Позднее такие свалки появятся в Севастополе, в Симферополе, где расстрелы офицеров начались с декабря 1917 года, и в Одессе, где в 1918 году было убито более 400 офицеров флота. Надо иметь в виду, что к началу 1917 года офицерский корпус российского флота составляли 5248 человек, а при Временном правительстве в офицеры было досрочно произведено еще 250 гардемаринов. Таким образом, ко времени октябрьского переворота на флоте служили пять с половиной тысяч офицеров; для подготовки офицеров военно-морского флота требовались годы, и они по праву считались элитой российских вооруженных сил. За развал флота, за уничтожение его командного состава в будущем России пришлось заплатить непомерную цену, и первыми в этом преступном деле были не вожди большевиков, а матросы Балтийского флота.
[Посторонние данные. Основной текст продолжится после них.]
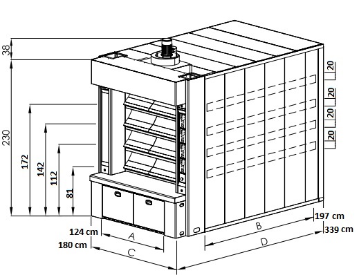 Les portes des chambres de cuisson sont en verre trempé auto-équilibré. Sur demande, il est possible d'ouvrir les portes vers le haut.

После Февральской революции Кронштадт зажил по собственным законам: в мае 1917 года его Совет депутатов решил взять власть в свои руки, объявить Кронштадт республикой, и Временному правительству удалось поставить там своего нового представителя только в июне. Особую надежду возлагали на матросов занятые подготовкой переворота большевики, и в июле 1917 года Троцкий величал балтийских моряков «красой и гордостью русской революции». Матросской вольнице были по душе самые крайние лозунги, поэтому большевики и анархисты имели в Кронштадте примерно равное влияние. В биографии вождя кронштадтских анархистов Ярчука много общего с биографией Володарского: он был выходцем из еврейского местечка, эмигрировал в США, работал там на швейной фабрике, а после революции вернулся в Россию. Ярчук был сильным митинговым оратором, так что два бывших американских портных воспламеняли революционными речами сердца в Петрограде и Кронштадте. Желанным гостем в Кронштадте был глава петроградских анархистов-коммунистов Блейхман (Солнцев), который вошел в историю тем, что в 1918 году предлагал Петросовету собрать петроградских буржуев в одном концлагере и взорвать их там всех сразу.

В июльские дни 1917 года кронштадтцы по призыву большевиков появились на улицах Петрограда. «При нашем появлении, — вспоминал Раскольников, — многие окна открывались настежь и целые семейства богатых и породистых людей выходили на балконы своих роскошных квартир. И на их лицах было… выражение нескрываемого беспокойства и чувство шкурного, животного страха». Страх и тревога, охватившие город, отразились в дневниковой записи З. Н. Гиппиус: «…дни ужаса 3, 4 и 5-го июля, дни петербургского мятежа… Кронштадтцы анархисты, воры, грабители, темный гарнизон явились вооруженными на улицы». Горожане страшились не зря — в Кронштадте, как в огромном котле, вызревали самые темные, жестокие силы революции. В отличие от солдат столичного гарнизона, матросы составляли сплоченные боевые отряды, которые сыграли решающую роль в событиях переворота 25/26 октября, а через несколько дней — в разгроме выступления юнкеров и в расправе над пленными юнкерами, садизм которой потряс Петроград: перед расстрелом им выкалывали глаза, отрезали половые органы и т. д.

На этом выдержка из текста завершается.